We are satisfied that there was no error in this case sufficient to warrant reversal of defendant's conviction.

Finally, defendant argues that his sentence is excessive and that it was improper for the judge to consider the aggravating factors set forth in N.J.S.A.2C:44-1(a)(1) (the nature and circumstances of the offense) and N.J.S.A.2C:44-1(a)(2) (the gravity and seriousness of the harm inflicted on the victim). Defendant claims the judge double-counted those factors because they were already included in the definition of first-degree robbery, which provides that during the commission of a theft, the actor "purposely inflicts or attempts to inflict serious bodily injury." N.J.S.A.2C:15-1(b).

Defendant's robbery conviction was a first-degree crime with a range of imprisonment between ten and twenty years. N.J.S.A.2C:43-6(a)(1). His aggravated assault conviction was a second-degree crime with a range of imprisonment between five and ten years. N.J.S.A.2C:43-6(a)(2). "In determining the appropriate sentence to impose within the range, judges first must identify any relevant aggravating and mitigating factors set forth in N.J.S.A.2C:44-1(a) and (b) that apply to the case." State v. Case, ____ N.J.____, ____(2014) (slip op. at 25) (citing State v. Fuentes, 217 N.J.57, 72 (2014)).

When calculating the length of a sentence, "factors invoked by the Legislature to establish the degree of the crime should not be double counted." State v. Miller, 108 N.J. 112, 122 (1987). If elements of a crime could be considered as aggravating factors, it would erode "the basis for the gradation of offenses and the distinction between elements and aggravating circumstances." State v. Kromphold, 162 N.J. 345, 353 (2000).

Contrary to defendant's claim, the judge did not double-count the aggravating factors. In fact, the judge acknowledged that the factors are part of the elements of first-degree robbery and concluded that the sentence is justified without considering those two factors

I am hesitating between putting too much weight . . . on the nature and circumstances of the offense . . . and the gravity to the harm because . . . I also think that it's built into the fact that this went from a second-degree to a first-degree and a serious bodily injury.

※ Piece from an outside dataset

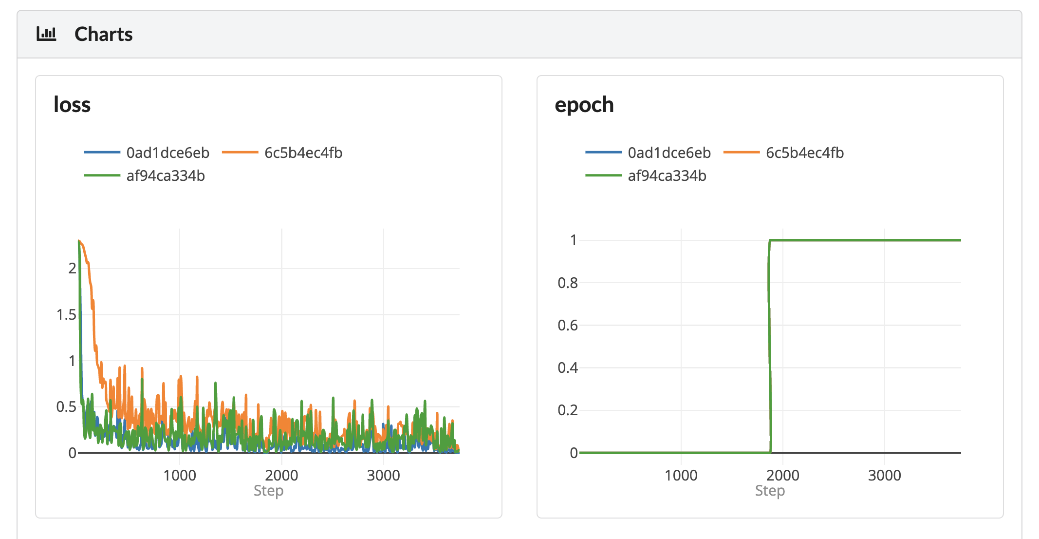 The last section of the comparison view is a list of charts that include all metrics that exist for the compared experiments. Each chart includes lines for the relevant compared experiments.
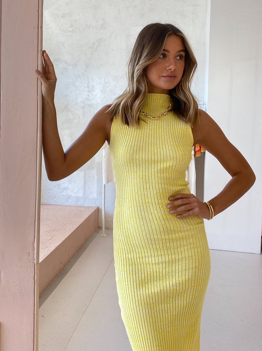The Anna Quan Aleka Dress in Limoncello is a signature ribbed style to wear on rotation throughout the seasons.

But I would be remiss if I didn't talk about something of the attack; so I consider it, but I don't give it a great deal . . . of weight. I think the maximum sentence under the code is justified without even considering those issues.

Instead, the judge took into consideration defendant's lengthy criminal history, which included nine prior indictable convictions, five parole violations, two violations of probation, and ten disorderly persons convictions.

We are satisfied that the court engaged in a "qualitative analysis of the sentencing factors," as mandated by State v. Kruse, 105 N.J. 354, 363 (1987), and recently reaffirmed by Case, supra, slip op. at 33, when the judge concluded that the aggravating factors substantially outweighed the nonexistent mitigating factors. Defendant's sentence is not excessive.


1 We reject the State's request to ignore the issues that defendant did not raise in the trial court. Under Rule 2:10-2, this court may grant relief on appeal "in the interests of justice" based upon plain errors or omissions that were "clearly capable of producing an unjust result," even though such errors or omissions were not brought to the attention of the court below. See, e.g. State v. Macon, 57 N.J. 325, 337-41 (1971) (delineating the genesis and purposes of this rule); State v. Maloney, 216 N.J. 91, 104 (2013) (reaffirming and applying the rule).

2 Defendant indicates that this point was "partially raised below," because the trial court announced its intention to charge the jury on identification. We find nothing in the record to indicate that the judge intended to give an identification charge.